Unnamed: 0,starting_year,student_id,Fall,Winter,...,Fall_weight,Winter_weight,Spring_weight,weight_sum
0,2023,2020-1,88.0,81.0,...,0.2,0.3,0.5,1.0
1,2023,2020-10,69.0,63.0,...,0.2,0.3,0.5,1.0
2,2023,2020-100,68.0,,...,0.2,0.0,0.5,0.7
3,2023,2020-1000,58.0,,...,0.2,0.0,0.5,0.7
4,2023,2020-1001,88.0,84.0,...,0.2,0.3,0.5,1.0


We can now accurately calculate average scores for all students by (1) multiplying each score by its corresponding weight value (which will be 0 in the case of missing scores); (2) adding these products together; and then (3) dividing the sum by the `weight_sum` column. If a student happens to have a missing value for a given season, the `weight_sum` value will be lower to compensate for this omission. 

In [32]:
df_student_results_wide['weighted_avg_score'] = (
    df_student_results_wide['Fall'].fillna(0) 
    * df_student_results_wide['Fall_weight']
    + df_student_results_wide['Winter'].fillna(0) 
    * df_student_results_wide['Winter_weight']
    + df_student_results_wide['Spring'].fillna(0)
    * df_student_results_wide['Spring_weight']) / (
        df_student_results_wide['weight_sum'])

df_student_results_wide.query("Winter.isna()").head()

Unnamed: 0,starting_year,student_id,Fall,Winter,...,Fall_weight,Winter_weight,Spring_weight,weight_sum
2,2023,2020-100,68.0,,...,0.2,0.0,0.5,0.7
3,2023,2020-1000,58.0,,...,0.2,0.0,0.5,0.7
8,2023,2020-1005,70.0,,...,0.2,0.0,0.5,0.7
9,2023,2020-1006,63.0,,...,0.2,0.0,0.5,0.7
15,2023,2020-1011,85.0,,...,0.2,0.0,0.5,0.7


A few notes:

1. This approach would also successfully compensate for students with missing fall or spring scores. It would only fail to work for students who had no survey results at all--but such students should be excluded from these calculations to begin with.

2. Note that, for students with missing winter weights, this code uses a fall score weight of 0.2/0.7 (28.6%) and a spring score weight of 0.5/0.7 (71.4%). These weights are higher in order to compensate for the missing winter results.

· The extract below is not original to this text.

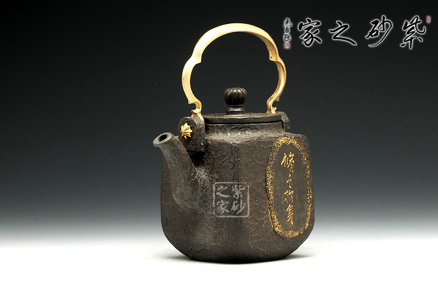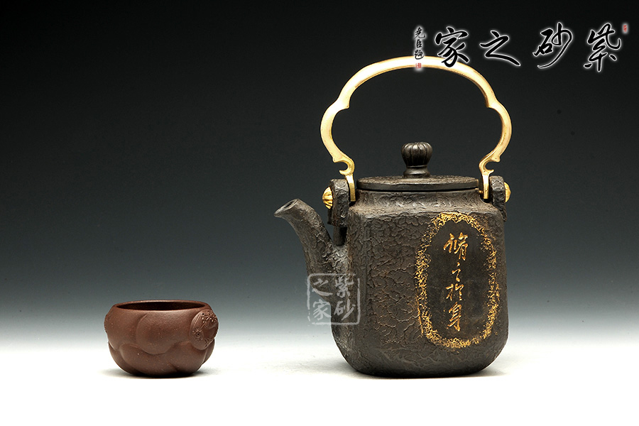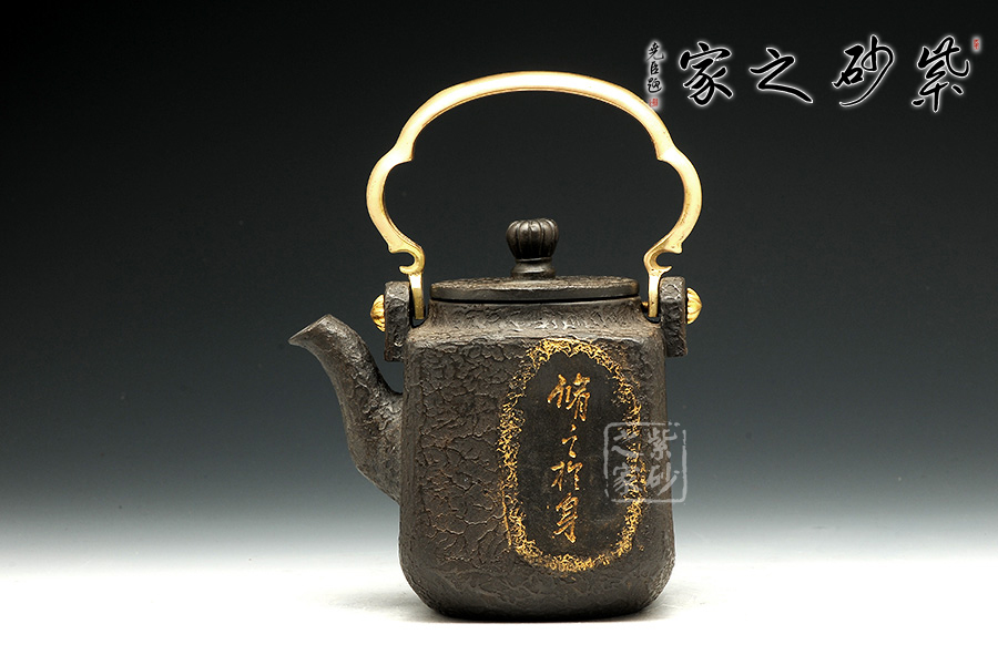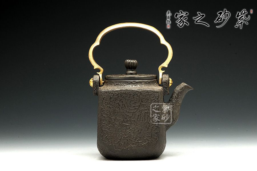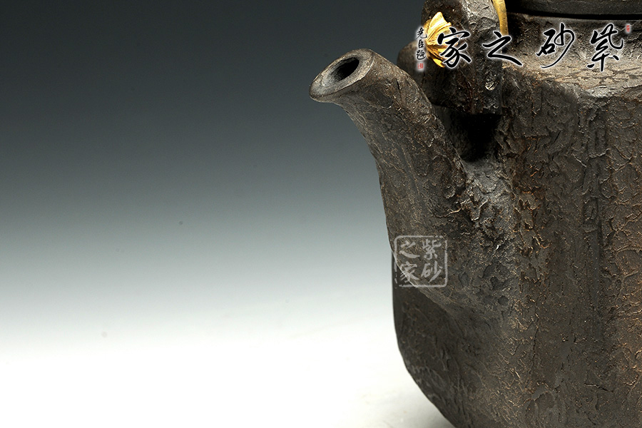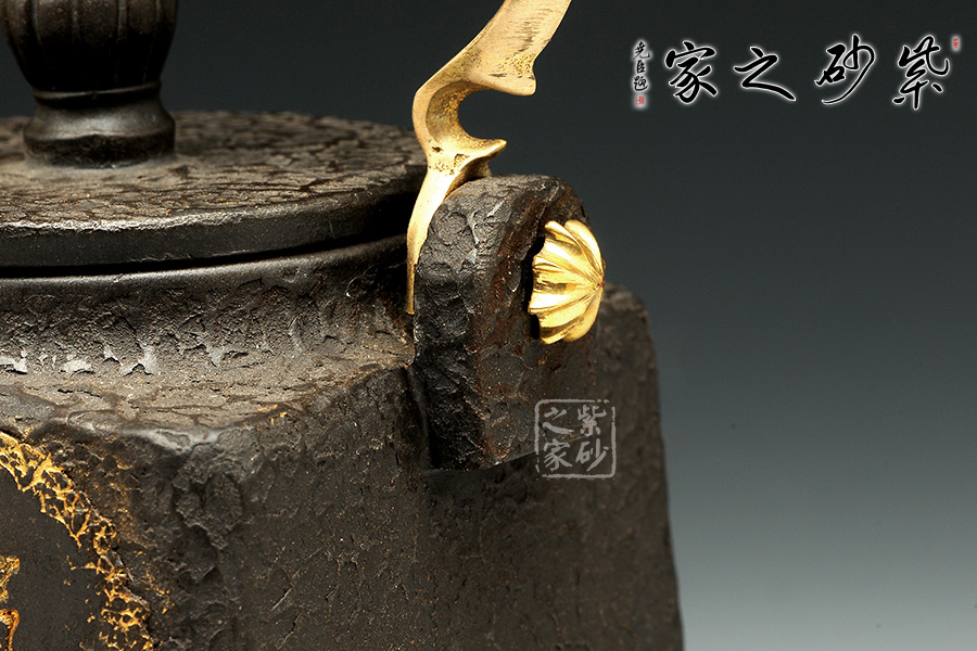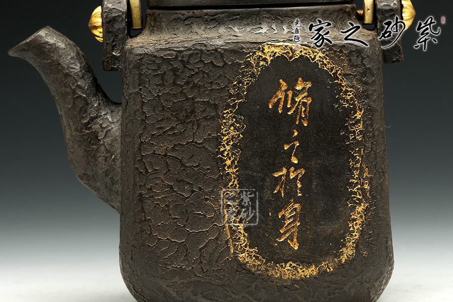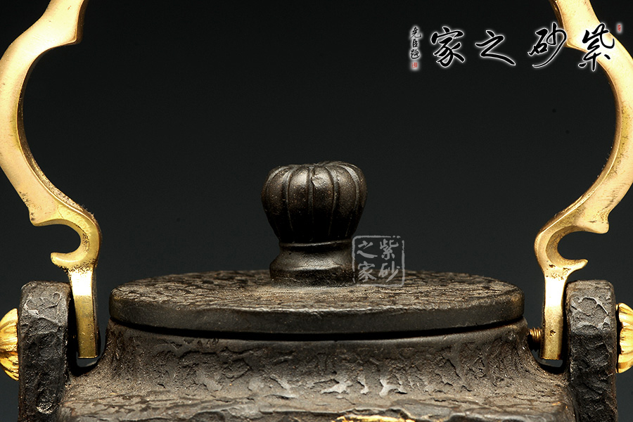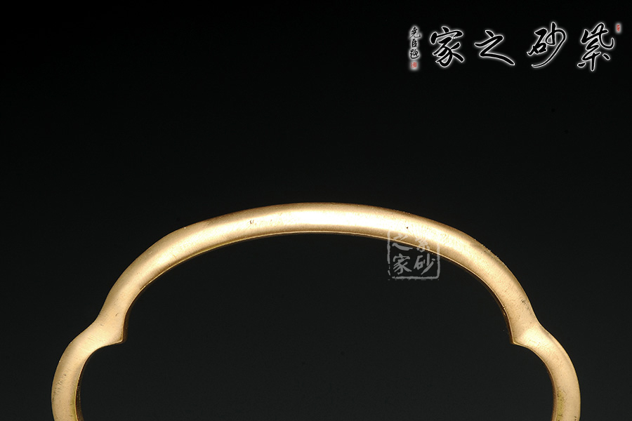 這件作品返璞歸真,方器而為,四面有感,線條蒼涼有力的展現(xiàn)古樸的意味,給人一種沉思,壺嘴三彎設(shè)計,大氣順然,古拙中透著濃濃韻味,出水利落。壺蓋平蓋,鼎與壺口之上,筋紋鈕別致,似皇冠,典雅有款。金屬提梁把造型變化豐富,金光燦燦,線條流暢,又給此壺增加不少特色。

Now that we've calculated weighted average results for all students, we can answer the administrators' original question (what percentage of students had a weighted average survey score below 60):

In [33]:
# Using np.where() to flag students with a weighted average below 60:
# (See https://numpy.org/doc/stable/reference/generated/numpy.where.html 
# for more information about np.where().)
df_student_results_wide['weighted_avg_below_60'] = np.where(
    df_student_results_wide['weighted_avg_score'] < 60, 1, 0)

# Calling value_counts(normalize=True), then multiplying the results 
# by 100, allows us to calculate the percentage of students with weighted 
# averages below 60.
100*df_student_results_wide['weighted_avg_below_60'].value_counts(
    normalize=True)

weighted_avg_below_60
0    81.304932
1    18.695068
Name: proportion, dtype: float64

It turns out that around 18.7% of students had a weighted average survey score below 60.

This notebook has provided a brief introduction to descriptive statistics calculations within Python. PFN's graphing section will teach you how to convert some of the pivot tables created here into line and bar charts, thus making this data easier to interpret.